Recurrent Neural Network (RNN)

RNN is a marriage of Neural Network(NN) and Hidden Markov Model (HMM). I did not learn about RNN but only NN and HMM back in college but it is quite easy to understand with the background knowledge of NN and HMM. I am learning RNN through Natural Language Processing (NLP) problem.

Firstly, I have modularized my Neural Network code from the previous post such that I only have to provide a Layer class with input, output, error and gradient definition

In NLP, it is common to use Softmax standardization and Cross Entropy (CE) loss function. Softmax standardization basically turns values into probabilities and CE measures the difference between 2 vectors, i.e.: In our case labels and probabilities. With values turned into probabilities through Softmax, we could understand better the magnitude of the distance. An optimal model could be identified using Maximum Likelihood. Maximum Likelihood involves multiplications and could run into numerical stability problem when there are a lot of values to multiply with. Hence, Log Likelihood would be the better alternative.

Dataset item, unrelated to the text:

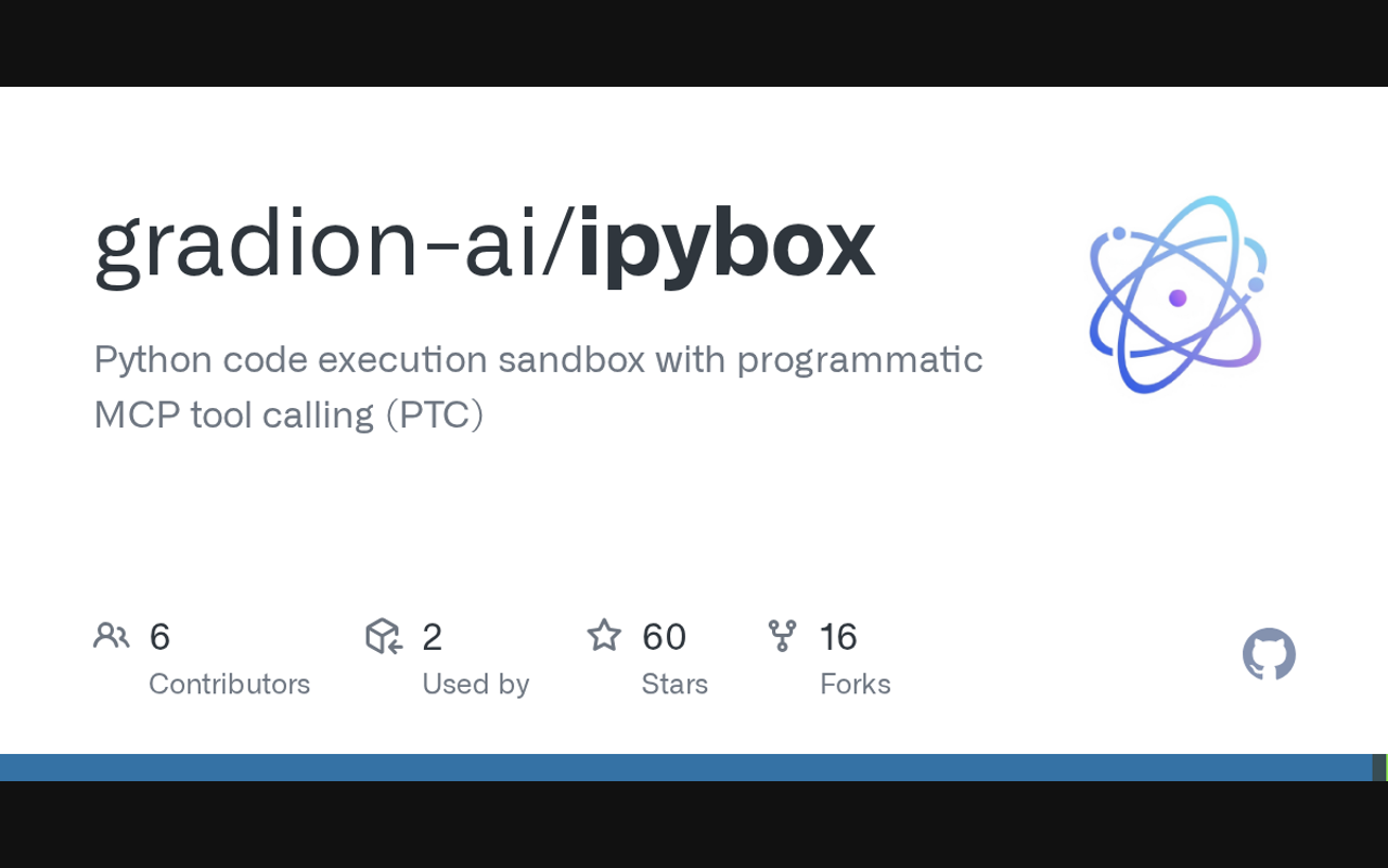 Python code execution sandbox based on IPython and Docker. Stateful code execution, file transfer between host and container, configurable network access. See [ipybox MCP server](https://gradion-ai.github.io/ipybox/mcp-server/) for details.

Since CE penalizes misclassifications better than Squared Error (SE) due underlying definition, CE is used instead of SE. Referring to the previous post, CE hence will be SE whereas Softmax would be a function between “gate” and output of the unit.

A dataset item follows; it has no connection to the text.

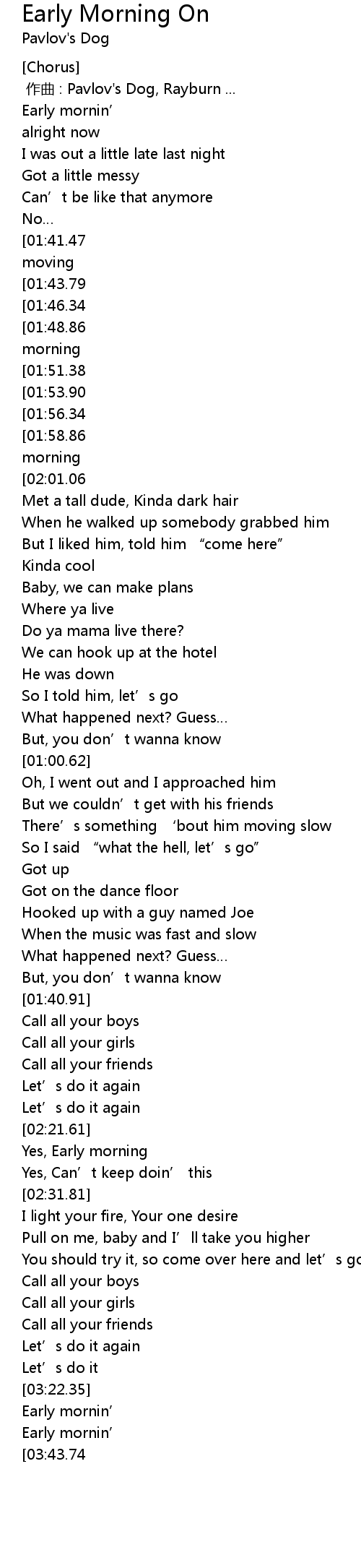 | [02:59.53][01:58.86][01:18.44][00:37.87] | And it don’t stop till the early morning |

\begin{aligned} E_{total} = -\frac{1}{C}\sum_{c}y_c\log\hat{y}_c \end{aligned}
\begin{aligned} \frac{\partial E_{total}}{\partial w_{h_{11}z_1}} = \frac{\partial E_{total}}{\partial \hat{y}_1}\frac{\partial \hat{y}_1}{\partial \hat{y}_{rel, 1}}\frac{\partial \hat{y}_{rel, 1}}{\partial z_1}\frac{\partial z_1}{\partial w_{h_{11}z_1}} \\ \end{aligned}

where

\begin{aligned} \frac{\partial E_{1}}{\partial \hat{y}_1} = \frac{1}{C} \frac{y_1}{\hat{y}_1} \end{aligned}
\begin{aligned} \hat{y}_{1} = \frac{e^{\hat{y}_{rel, 1}}}{\sum_{c}e^{\hat{y}_{rel, c}}} \end{aligned}
\begin{aligned} & \frac{\partial \hat{y}_1}{\partial \hat{y}_{rel, 1}} & & = \frac{e^{\hat{y}_{rel, 1}}e^{\hat{y}_{rel, 1}} + e^{\hat{y}_{rel, 1}}e^{\hat{y}_{rel, 1}}}{\sum_{c}(e^{\hat{y}_{rel, c}})^2} \\ &&& = \frac{2(e^{\hat{y}_{rel, 1}})^2}{\sum_{c}(e^{\hat{y}_{rel, c}})^2} \\ &&& = 2\frac{e^{\hat{y}_{rel, 1}}}{\sum_{c}e^{\hat{y}_{rel, c}}} \\ &&& = 2\hat{y}_1 \\ \end{aligned}
\begin{aligned} \hat{y}_{rel, 1} = tanhz_1 \end{aligned}
\begin{aligned} & \frac{\partial \hat{y}_{rel, 1}}{\partial z_1} & & = {sech}^2z_1\\ &&& = 1 - {tanh}^2z_1\\ &&& = 1 - {\hat{y}_{rel, 1}}^2\\ \end{aligned}
\begin{aligned} z_1 = w_{h_{1}z_1}y_{h_{1}} \end{aligned}
\begin{aligned} \frac{\partial z_1}{\partial w_{h_{11}z_1}} = y_{h_{11}} \end{aligned}

To be continued….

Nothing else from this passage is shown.